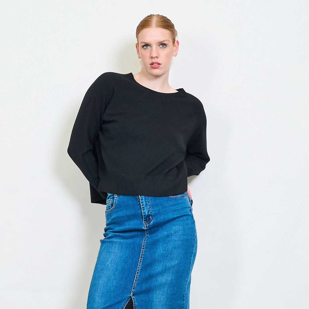 - خط عنق الطاقم الكلاسيكي مع حواف مضلعة نظيفة
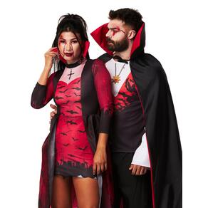 O vestido vem com uma calda longa, adicionando um toque majestoso e misterioso ao seu visual de Rainha Vampira. O vestido possui mangas 3/4 e uma gola alta, conferindo um toque elegante e sedutor ao traje.
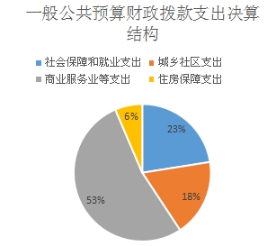 2020年一般公共预算财政拨款支出536.03万元,主要用于以下方面:社会保障和就业支出142.18万元,占23%;城乡社区支出115万元,占18%;商业服务业等支出333.81万元,占53%;住房保障支出40.65万元,占6%;
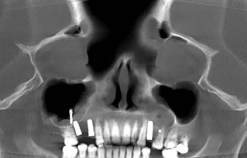 Dno zatoki szczękowej powinno być oddzielone od korzeni zębów kilkunastomilimetrową warstwą kości. Nie można dopuścić, aby końcówki implantów dochodziły aż do zatoki.
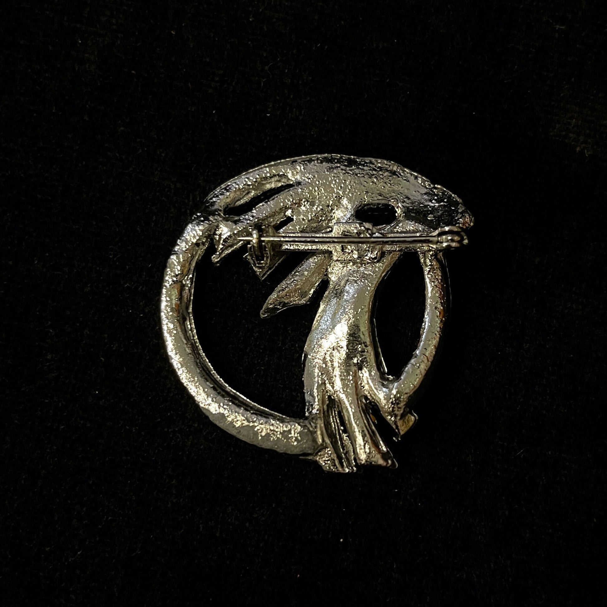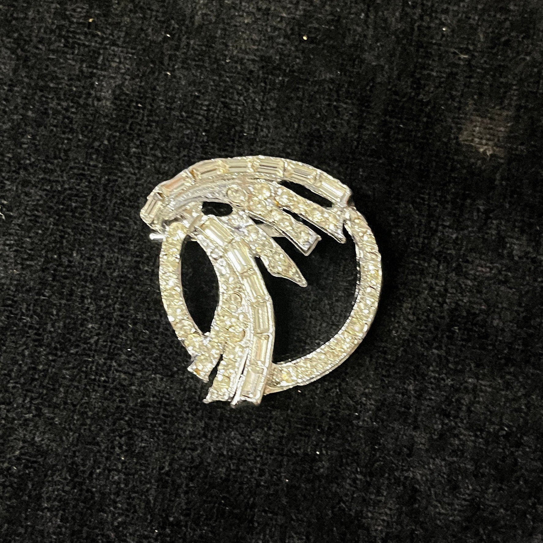This circle brooch is beautifully covered in rhinestones of several shapes and glitters beautifully in the light. The circle is closed around beautiful downward sweeps of the silver toned crystals. All the stones are still nicely set, even though is from the 1940s. This would be perfect for a wedding to hold the veil or add to a special hat for the holidays.
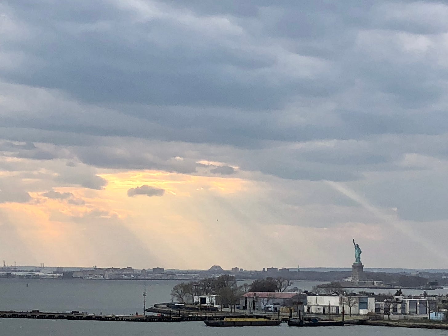We went outside to gather on the aft deck with a crowd of fellow passengers. A few hardy travelers frolicked in the pool. A halo of glowing afternoon light traced the skyline of New York. Windows of skyscrapers blazed in the sharp beams of a fading sun. The ship pulled away into the harbor.
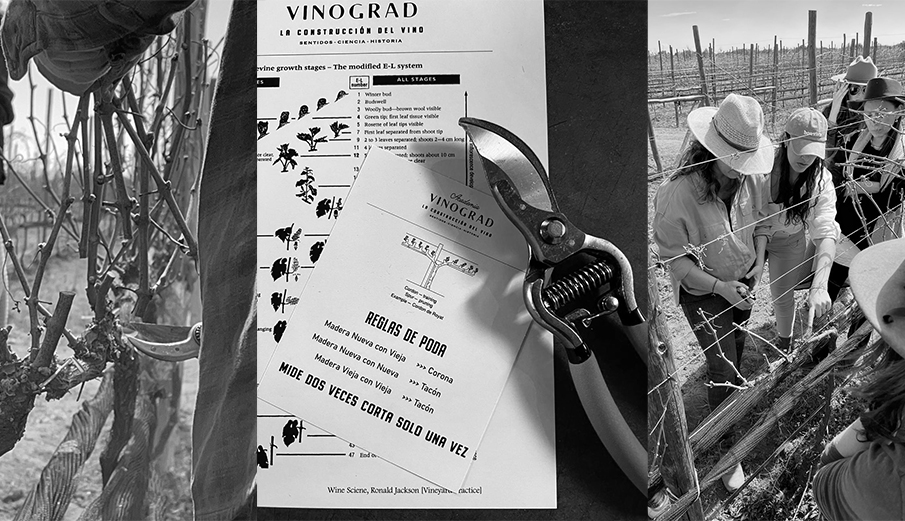 Actividad de poda guiada por Branko Pjanic, consultor en viticultura regenerativa. Ecólogo y Biólogo de Bosnia Herzegovina. Cuenta con estudios en poda con el grupo de Marco Simonit . Taller impartido por Natalia López, creadora de este contenido.
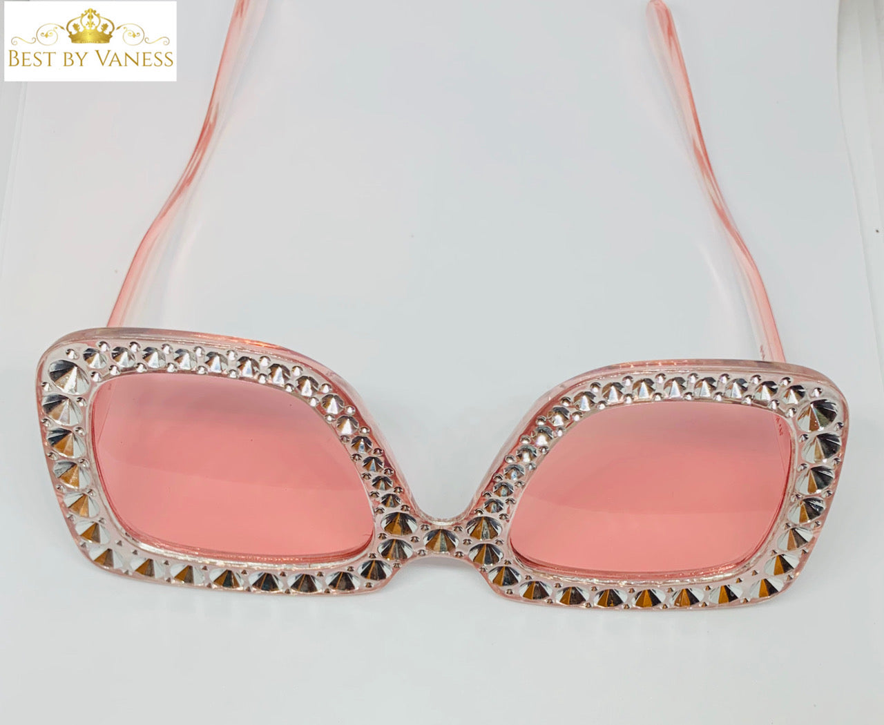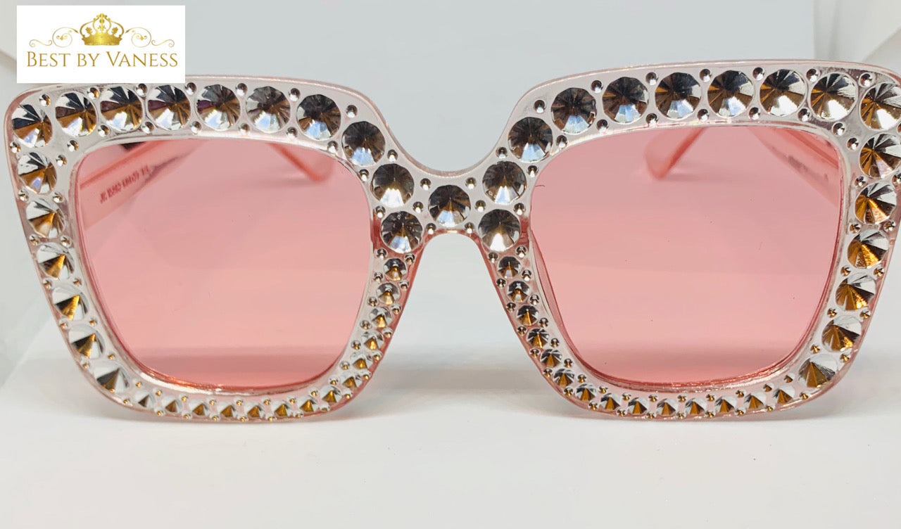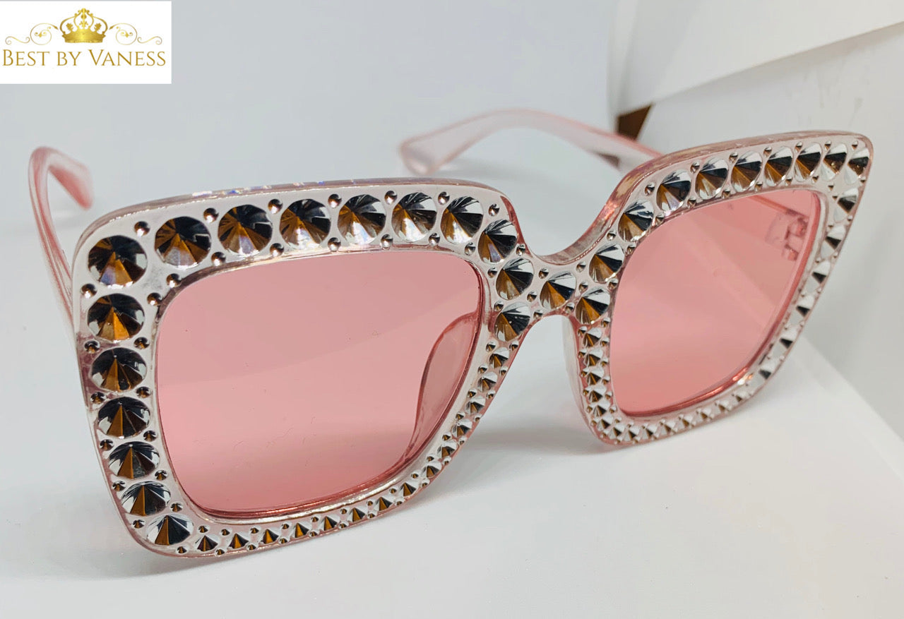 Oversized Pink Square Frame Sunglasses with Rhinestones

#####

**Problem statement:** With the images removed, reproduce all the material above word for word.

**Answer to the problem:**
 - خط عنق الطاقم الكلاسيكي مع حواف مضلعة نظيفة
 O vestido vem com uma calda longa, adicionando um toque majestoso e misterioso ao seu visual de Rainha Vampira. O vestido possui mangas 3/4 e uma gola alta, conferindo um toque elegante e sedutor ao traje.
 2020年一般公共预算财政拨款支出536.03万元,主要用于以下方面:社会保障和就业支出142.18万元,占23%;城乡社区支出115万元,占18%;商业服务业等支出333.81万元,占53%;住房保障支出40.65万元,占6%;
 Dno zatoki szczękowej powinno być oddzielone od korzeni zębów kilkunastomilimetrową warstwą kości. Nie można dopuścić, aby końcówki implantów dochodziły aż do zatoki.
This circle brooch is beautifully covered in rhinestones of several shapes and glitters beautifully in the light. The circle is closed around beautiful downward sweeps of the silver toned crystals. All the stones are still nicely set, even though is from the 1940s. This would be perfect for a wedding to hold the veil or add to a special hat for the holidays.
We went outside to gather on the aft deck with a crowd of fellow passengers. A few hardy travelers frolicked in the pool. A halo of glowing afternoon light traced the skyline of New York. Windows of skyscrapers blazed in the sharp beams of a fading sun. The ship pulled away into the harbor.
 Actividad de poda guiada por Branko Pjanic, consultor en viticultura regenerativa. Ecólogo y Biólogo de Bosnia Herzegovina. Cuenta con estudios en poda con el grupo de Marco Simonit . Taller impartido por Natalia López, creadora de este contenido.
 Oversized Pink Square Frame Sunglasses with Rhinestones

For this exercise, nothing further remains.